About Dr. Diana Kirschner

Diana Kirschner, Ph.D. is a relationship advice expert, frequent guest psychologist on The Today Show and the creator of a globally available dating coach and Love Mentor® program. Dr. Diana is also the best-selling author of the acclaimed relationship advice book, "Sealing the Deal: The Love Mentor's Guide to Lasting Love", and of the best-selling relationship and dating book, “Love in 90 Days”. Love in 90 Days was the basis of her PBS Special on love. Connect with Dr. Diana through her Dating Tips & Relationship Advice Newsletter.

Comments

  1. says

    Thank you for sharing your thoughts. I really
    appreciate your efforts and I will be waiting for your next write ups
    thanks once again.

  2. Pauline Jones says

    I’m living with a guy who is 25 years younger than me and who
    is studying for his Phd in chemistry, he claims that he spends
    his all nighters at lab 3 or 4 nights a week.

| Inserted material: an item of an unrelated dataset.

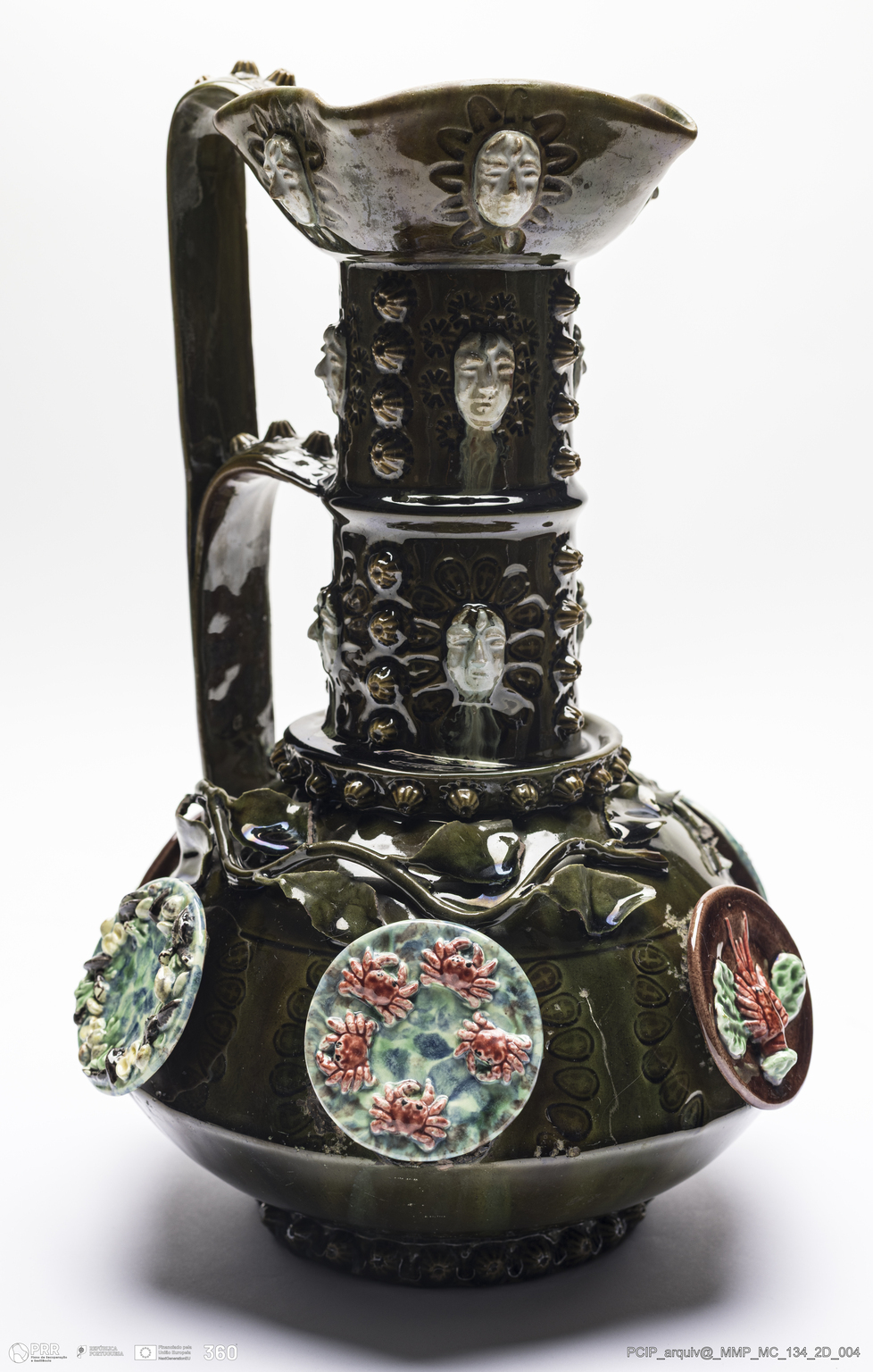Matéria/Técnica: Barro vermelho moldado. Vidrado polícromo: castanho escuro e mel, preto, verde, vermelho, azul e camurça; Cronologia: 1888; Autoria: Rafael Bordalo Pinheiro / Fábrica de Faianças das Caldas da Rainha, Portugal; Dimensões (cm): Altura: 30; Largura: 21.

But I have
    found evidence that he is seeing another woman and
    probably is sleeping at her place…everytime I
    discover something he tells me he is not sleeping
    with her that he loves me, I feel in my gut that
    this is just a manipulation but I can’t get out of
    this situation…He has a nice apartment for one
    and is nice looking for two…but I feel lonely
    most of the time

  3. says

    Develop what i call your Diamond Self (see the book, Love in 90 Days!) so that you get more luscious and he sees you being your most fabulous self. And flirt with other guys in front of him!!!

  4. Mon Mon Marti says

    I’m in deep love with a guy who is nice but distant. When i first tried to ask him out he told me he liked me as a friend. That scarred me, like a lot of love pursuits has, but this one stuck to me like a bear with a honey Brazilian strip for days. I want to get over him but now I see him daily so that’s incredibly hard. Diane, if you got a solution, I’d love to hear it.

  5. says

    Hi Tam!
    You have to decide if this relationship is for you. What you see now is what you get. Essentially crumbs. I would let him know you need more in a relationship and if he cannot give it to you, you will have to move on. I know it is tough to do this!!!!! If you need support , go to the coaching tab on lovein90days.com and get it from one of my awesome Love Mentors-by Skype or phone. I wish you all the best. xoxo

  6. Tam says

    I am so confused!! This guy tells me he misses me, and wants to be exclusive, yet we rarely see each other. The first date was amazing. Being that we have only been taklking for a little over a month, I have only saw him 2x, however he does text mr good morning every morning and sends xoxo. I just don’t know what he really wants. He says he is always super busy!! HELP.

  7. JPG says

    Uh oh – an interloper! As a guy who is doing his own self-reflection,I can say that unfortunately one of the main reasons a guy won’t come out and say ‘I’m just not that into you’ is – a large number of us (not me anymore, I hope) is we’re wimps! While we may be the bravest when it comes to fighting fires, ninjas and mother-in-laws, when it’s time for him to say ‘Sorry, but…’ we turn to jelly. BIG part of it is fear of the big conflict, but believe it or not, the larger part is not wanting to ‘hurt’ the woman. And there are those that don’t want to witness the pain they are causing when they cause that hurt. Thus, taking the easy way out and shutting down or avoiding seems to be the ‘best’ way. Of course it’s not, but a hard lesson to learn. Just wanted to add my 2 cents.

  8. kat says

    hello, when a guy is very sweet when he is whith us, but dont send messages, or calls, and says (about us) that he dont know yet what he wants but kiss in the mouth in front of everyone and introduces to his friends…he’s interested in me? i dont know, i feel he may just wants sex…

  9. karen says

    Now I know I did the right thing. I recently ditched a guy who had said he was really that into me yet he never kept in contact. Always making the excuse he had no credit on his phone and was too busy. He scored a big fat zero on the above test.

  10. Cheri says

    I just bailed on a “he’s just not that into you” guy. I deleted him from every place I had him as a contact and I do not expect him to come chasing after. Sure it’s disappointing. But it will pass. It beats the emotional upheaval of confusion and the erosion of my self esteem.